1. Overview
Glucagon is a peptide hormone secreted by the alpha cells of the pancreatic islets of Langerhans. It plays a critical role in maintaining glucose homeostasis by regulating the metabolism of carbohydrates, fats, and proteins.
The primary physiological function of glucagon is to increase blood glucose levels, especially during fasting or hypoglycemic states. It achieves this by stimulating glucose production and release from the liver. Glucagon and insulin act in a counter-regulatory manner, with insulin lowering blood glucose and glucagon raising it.
Its levels are closely related to catabolic processes and are essential for maintaining energy balance. Due to its metabolic effects, its measurement has important diagnostic utility in various metabolic and endocrine disorders.
2. Symptoms / Clinical Indications
This itself does not directly cause symptoms; however, abnormal glucagon levels are associated with clinical features of glucose imbalance.
Symptom-based indications for glucagon assessment include high blood sugar levels, excessive thirst, and excessive hunger, which may suggest impaired glucose regulation or endocrine dysfunction.
These symptoms are often observed in metabolic disorders such as diabetes mellitus or in rare glucagon-secreting tumors.
3. Mechanism of Action (How Glucagon Works)
It exerts its effects primarily on the liver. When released, it promotes glycogen breakdown (glycogenolysis) and gluconeogenesis, resulting in increased blood glucose availability.
At the same time, glucagon suppresses processes associated with insulin activity. It inhibits glucose uptake by insulin-sensitive cells, suppresses DNA synthesis, reduces glycogen storage in the liver and skeletal muscle, and inhibits protein synthesis.
Conversely, glucagon stimulates fat breakdown (lipolysis) and protein breakdown, supporting energy production during fasting states. Through these actions, glucagon ensures adequate glucose supply to vital organs, particularly the brain, during periods of low carbohydrate intake.
4. Causes and Risk Factors (Assessment-wise Indications)
Assessment of these levels is indicated in several clinical scenarios.

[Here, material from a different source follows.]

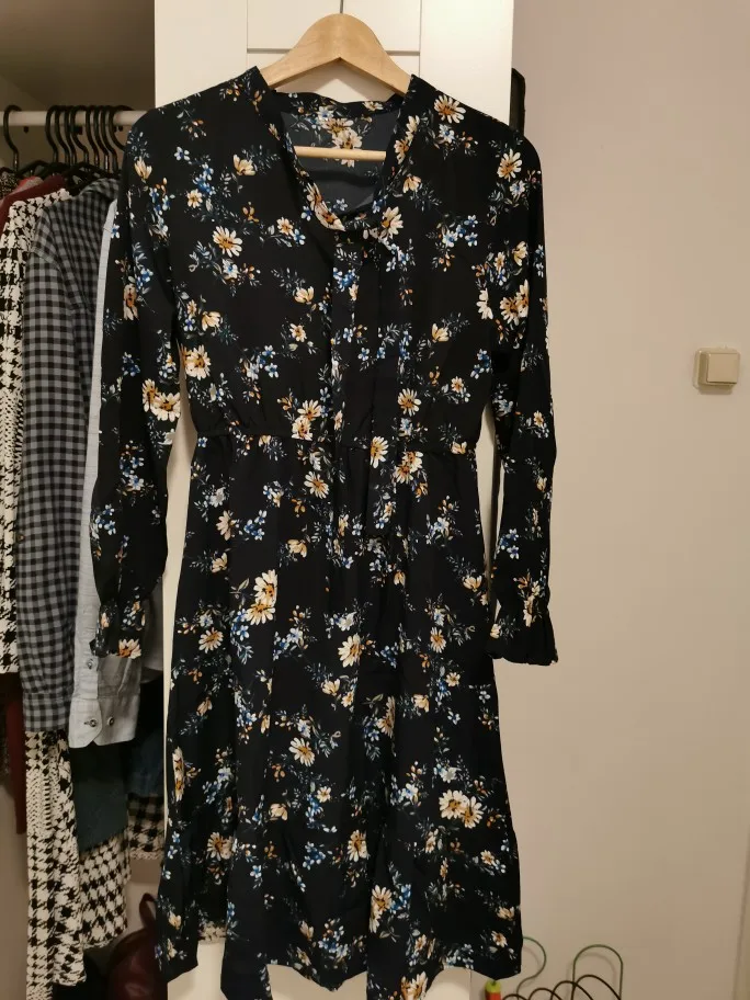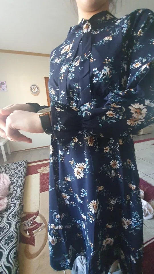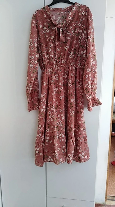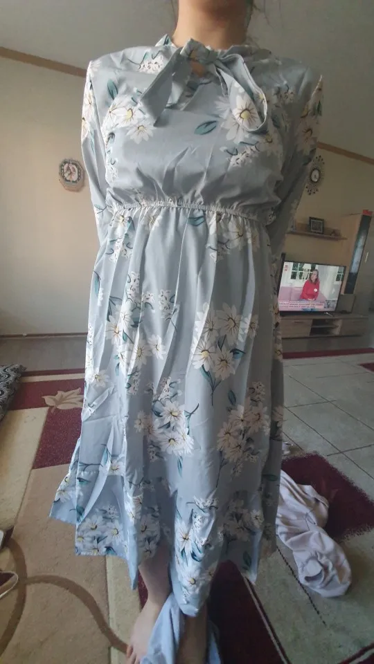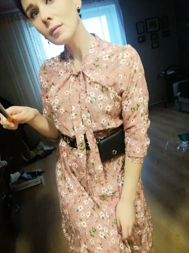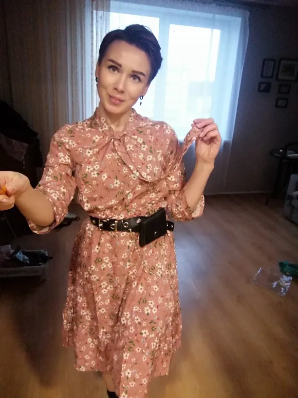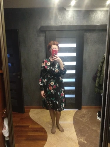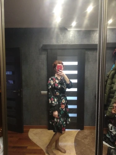 Милое платье. Мне очень понравилось. На рост 172,чуть ниже колена. Немного ошиблась с размером, взяла L, тк ранее брала другое платье размером xl и оно было достаточно свободным. Здесь другой крой, на 46-48xlбыл бы само то. В целом нареканий нет. Заказ пришёл за 2 недели.

In endocrine disorders, testing is used for the evaluation of growth hormone deficiency and adrenal insufficiency.
In metabolic assessment, it assists in the investigation of hypoglycemia and the evaluation of glycogen storage diseases.
The testing also serves as an alternative to the insulin tolerance test for assessing pituitary function when ITT is contraindicated.

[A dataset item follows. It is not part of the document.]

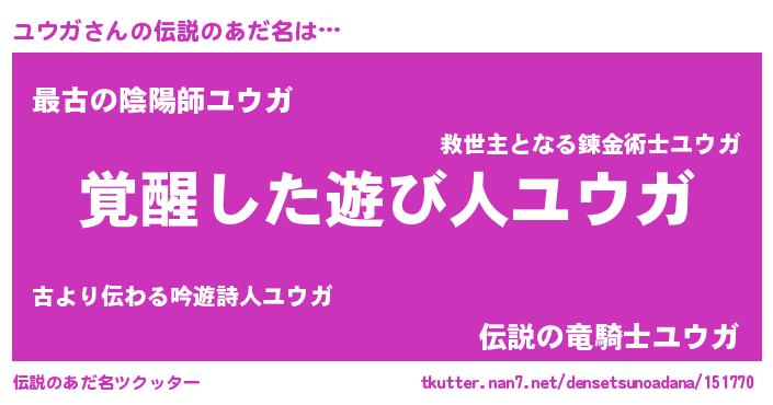 | ヒーロー風カッコイイあだ名 | 『炎刃騎士ユウ』『仮面ユウダー』 |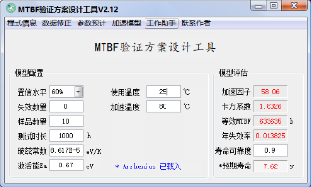 MTBF验证方案设计工具 V2.12 为免安装绿色软件,使用前请确保主程序与配置文件位于同一文件夹,双击“MTBF验证方案设计工具V2.12”即可启动。软件界面简洁,顶部为菜单栏,左侧为模型配置区,右侧为模型评估区。

In research and specialized endocrine evaluations, it is used in studies of glucose metabolism and hormonal reserve testing.

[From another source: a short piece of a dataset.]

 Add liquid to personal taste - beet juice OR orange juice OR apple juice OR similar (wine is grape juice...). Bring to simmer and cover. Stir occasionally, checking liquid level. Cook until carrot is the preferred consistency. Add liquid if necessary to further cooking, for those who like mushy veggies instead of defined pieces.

Persistently elevated levels may indicate glucagonoma, a rare pancreatic alpha-cell tumor, and should be suspected in cases of unexplained hyperglycemia.
5. Prevention, Sample Collection, and Clinical Management
Its testing is primarily a diagnostic tool rather than a preventive measure. Accurate measurement requires strict adherence to sample collection and handling protocols due to the hormone’s instability.
Patients are instructed to stop biotin supplementation for at least 72 hours before testing, as biotin can interfere with immunoassay results. A 1 mL blood sample is collected in an EDTA container. Plasma must be separated promptly, transferred to a plastic transport tube, and frozen immediately. Samples should be transported in a chilled state, and frozen plasma remains stable for up to 7 days.
The normal reference range for plasma glucagon is 13–159 pg/mL, although values may vary depending on the assay used. Laboratories are advised to follow method-specific reference ranges.
It levels normally increase during prolonged fasting and hypoglycemia. Persistently elevated levels may be seen in glucagonoma, liver disease, or other endocrine disorders. Improper sample handling or delayed freezing can result in inaccurate measurements.
Clinically, glucagon estimation supports the diagnosis of metabolic and endocrine disorders, aids in the evaluation of unexplained hyperglycemia, and provides insight into counter-regulatory hormone function. However, results must always be interpreted in conjunction with clinical findings and other laboratory parameters.